Retro Return To The 60s

I've been ridiculously busy the last 4 weeks. In fact, I've been ridiculously busy the past 2 months. It really is true that once you return to your 'home' university after an Erasmus year, "fun" attempts to eradicate itself in your personal dictionary. Let's just hope it pays off....

Anyway, Happy New Year! Hope you all had a fantabulous night out, whether it was watching the fireworks, relaxing at home or going out. Thank god for new years, I let my hair loose and had tonnes of fun with some of my friends :). 31 December 2012 I may just go and watch the fireworks at Embankment...after all it's an excuse to take out one of the cameras out for a walk.

I'm actually thinking of buying a Lomography Diana F+ camera. I love the way it creates photographs. I was tired of editing the photographs to create certain effects and one day thought to myself, there must be a camera that produces such effects without having to create those effects yourself? After much googling, I discovered the lomography camera range (Coloursplash, Diana F+, LC-A+ etc).  There is so much atmosphere in these photographs. With technology ever more progressive these days, and constantly evolving, the Diana F+ seems like a great time-traveller's piece. Everything is becoming so digitalised, so wouldn't it be nice to just stop that whilst holding this camera in your hands? The lomography camera uses film so already makes you feel rather retro! The film also provides an element of surprise regarding the actual photo and the viewfinder doesn't truly reflect what hits the lens, so every time you press 'click' you have no idea what the photograph will look like until you send the film to the labs for developing. There is no 'delete' button either. Exciting, no?

To add to the retro-ness, it first appeared in the 1960s and was really meant for novelty use, which is probably why it is made of plastic. It left the market after ten years and was replaced by the Holga camera. Personally, I'm not the greatest fan of Holga photographs.
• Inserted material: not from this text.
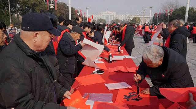 1月24日,由河南省文学艺术界联合会、河南省书法家协会主办,周口市文学艺术界联合会、周口市书法家协会承办,郸城县文学艺术界联合会、郸城县书法家协会协办的“万福迎春——2026年河南省书法家协会送万福进万家公益活动”启动仪式在郸城世纪广场举行。活动现场红纸漫卷,浓郁的墨香在空气中浮动流淌,书法家们凝神静气,笔锋起落间,一副副墨彩飞扬的春联翩然呈现,每一笔都凝聚着对美好生活的真挚祝福。记者 王志东 通讯员 谷峰 摄

There's something lacking in its photographs in contrast to the Diana F+.  From what I've read, Diana does encounter some problems (e.g.light leaks) but then you have to realise it was made as a bottom-market camera and intended for novelty use rather than 'serious' use so these problems seem inevitable.

So obviously since I have no Diana F+ camera yet, I want to show you all  some photographs I really like, and which I found, that were done using the Diana F+. Below are the two cameras that I'm choosing between.
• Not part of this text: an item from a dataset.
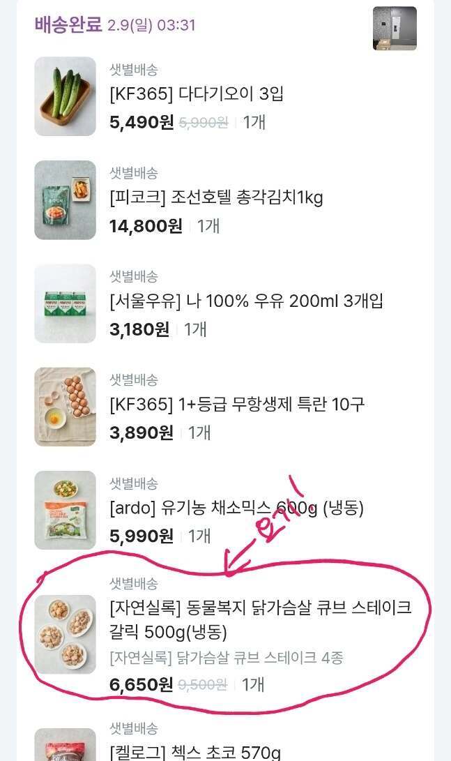 2. [자연실록]동물복지 닭가슴살 큐브스테이크 갈릭(500g/지금 마켓컬리에서 20%할인하여 6,650원)

If you want to have a look at more diana f+ photographs, (or any other lomography camera photography),  you should really visit the online Lomography Shop or the Diana F+ camera page. When I discovered the website I was really impressed with it. It's existence demonstrates that  there is a real global community for analogue photography. The Lomography Shop caters for both first-time users of film photography and long-term photographers who just want to purchase accessories and whatnot.

Another great thing about  Lomography is that when you're looking to purchase a camera, on the page of each camera you can scroll down the page and see photographs that people have taken using that camera, which gives you an idea of the types of photographs you can create with the camera.